Ubuntu. Goodness, compassion, and the willingness to forgive wrongdoing

To thumbs up for the lecture! What a wise guy

 

This lecture that Sturla held, it doesn't quite let go of me. I've been thinking a lot about what it meant for me and my thoughts about my journey for the next year. Because if there's one thing I dislike more than oysters, it must be change. I'm really bad at it. And now I'm going to embark on a year filled with change. So I've been thinking about what I should learn before I start. I know that I want to become more confident in myself and be able to do more things on my own. That's the goal after the challenge year. But how should I think to achieve that?"

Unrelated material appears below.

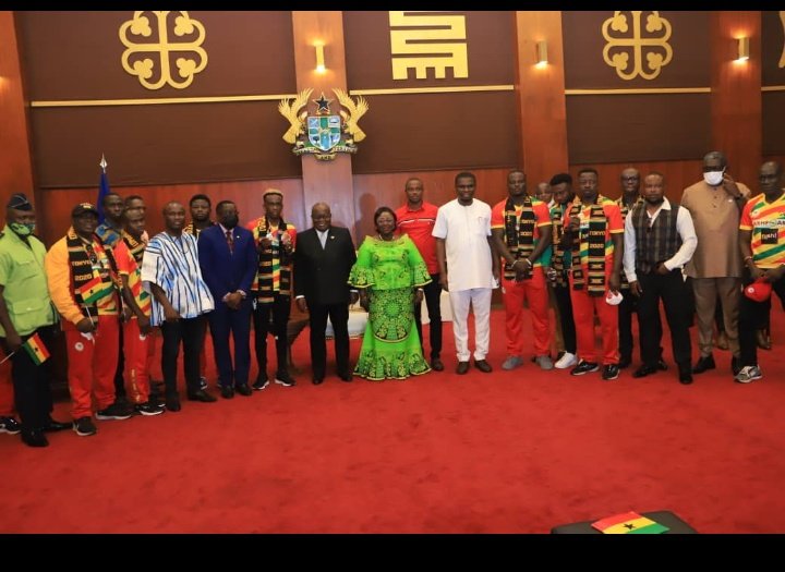 Samuel ‘Ring Warrior’ Takyi who fought on to win the only laurel at the Olympic games together with the team paid a courtesy call on the President of the Republic of Ghana, His Excellency Nana Addo Dankwah Akufo-Addo.

"The first thing I think I need to get better at is being visible! I really like being invisible. Being the one you have to know is there, otherwise you won't notice her. The one who avoids eye contact at the store to avoid saying something wrong during spontaneous small talk. Or the one who shrinks in the corner when the party starts to pick up and people become a bit more unpredictable. So I think this is something I have to stop doing. I simply have to take up more space around me.

Another thing I need to get better at before I leave is talking to new people. I have to dare to say hi to people I meet. Dare to ask for help. Even small talk with people I meet! I know people who are good at it and they experience so much fun because of it. I want that too."

"I think I've started to figure out who I am and who I want to be. So now I'm going to find my place in the community.

And that brings me to what I wrote in the headline. Ubuntu. This word comes from Zulu and there's really no good Norwegian word for it. This is what I found when I searched for it: Goodness, compassion, and the willingness to forgive wrongdoing. Some have also tried to explain it with "I am because we are, and we are because I am." So we are all part of the community and without it, we are nothing. We can't do everything alone. We have to show each other goodness. You can safely share what you have because you know that everyone shares what they have. If someone does something bad, everyone is affected by it and everyone has to forgive for life to be good again. If I could have such a mindset, maybe I could be more visible. Because then it means that I am an important part of the community. I have to be part of spreading goodness and compassion. So others can experience it. And I have to give people the chance to show me goodness.

I don't mean that we can't do things alone. That's exactly what I want to get better at. But I mean that I don't need to go through life alone! I just want to be able to go on a trip without Morten, for example. I don't want to live isolated from everyone. I think that if I get a little ubuntu in my life, maybe I can be even more myself. The myself that I really am deep down. The one I think doesn't quite fit in everywhere. But I hope that by seeing myself as part of something bigger, maybe I can find my place and take it! Because if this is actually true, there's a place for all of us in the community. We just have to put aside our ego and cheer on people!

So cheers to those of you reading this! I'm sure that without you, the world would be different."

 

Translated by Kari Boisvert

Forrige
Forrige

Strength in my pack

Neste
Neste

“Knowledge is power!”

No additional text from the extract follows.